Der Deal mit Google platzte

Die Firefox-Entwickler wurden während der letzten zehn Jahre von Google unterstützt. Dieser Deal endete im November 2014. In die Bresche sprang Yahoo, mit Ex-Google-Managerin Marissa Mayer an der Spitze. Verlierer unter sich? Marissa Mayer bleibt bis heute den Beweis schuldig, Yahoo wieder flott zu kriegen und auch Firefox hat an Marktanteilen eingebüsst. Geht man nach den Statistiken von StatCounter, hat Googles Chrome-Browser gegenwärtig einen Marktanteil von über 50 Prozent, während Firefox von weniger als 20 Prozent der Anwender genutzt wird. Über die Gründe kann nur spekuliert werden. Was jedoch offensichtlich ist: Firefox ist ein äusserst ressourcenhungriger Browser, der gerne mal über 1 GB an Arbeitsspeicher blockiert.
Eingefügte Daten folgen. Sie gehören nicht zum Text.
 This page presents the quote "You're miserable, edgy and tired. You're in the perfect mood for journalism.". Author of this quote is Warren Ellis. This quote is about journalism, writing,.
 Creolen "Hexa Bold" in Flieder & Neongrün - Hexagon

Auch dient er nicht als Hub für verschiedene Dienste, wie zum Beispiel Google Chrome oder Internet Explorer. Und viele populäre Add-Ons, früher Hoheitsgebiet des Mozilla-Browsers, sind inzwischen auch für Chrome und Internet Explorer erhältlich. Auf den mobilen Betriebssystemen glänzt der Browser durch Abwesenheit. Und dem Projekt Firefox-OS - dem Versuch, ein quelloffenes mobiles Betriebssystem zu etablieren - fehlt die Breitenwirkung.
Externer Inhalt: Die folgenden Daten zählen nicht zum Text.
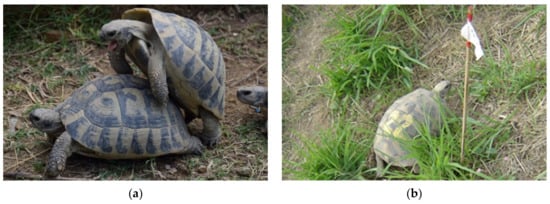 Mating season. (a) The mating season for Testudo hermanni boettgeri typically lasts from April to mid-July and depends on climatic conditions. (b) The breeder marks the nest with a flag to make it easier to collect eggs.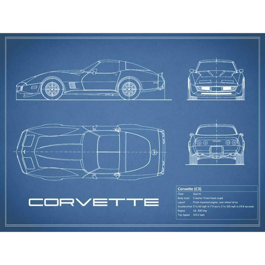 Corvette C3-Blue White Modern Wood Framed Art Print by Rogan, Mark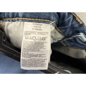 The product is a pair of Old Navy Blue Jeans in size 8 tall with a high rise and a straight style. Made of denim with a comfortable stretch fabric, they feature a button fly and a raw hem. These jeans have a classic 5-pocket design and are perfect for the winter, fall, and spring seasons. Machine washable and made in Pakistan, they offer a regular fit for a flattering and comfortable look.

Es ist klar, der Mozilla Foundation bläst eine eher steife Brise entgegen und sie muss sich über die Finanzierung Gedanken machen. Nun sollen es die Suggested Tiles richten. 
«Es ist kein Geheimnis, dass digitale Werbung die Wirtschafts- und Handelsbeziehungen im Web antreibt», antwortet uns Dennelle Dixon-Thayer, Senior Vice President of Business and Legal Affairs von Mozilla. Jedoch werde die Bedeutung der Web-Werbung vom Fakt untergraben, dass der User und dessen Privatsphäre oft vergessen würden. Der Nutzer soll dabei wieder ins Zentrum der Kontrolle rücken.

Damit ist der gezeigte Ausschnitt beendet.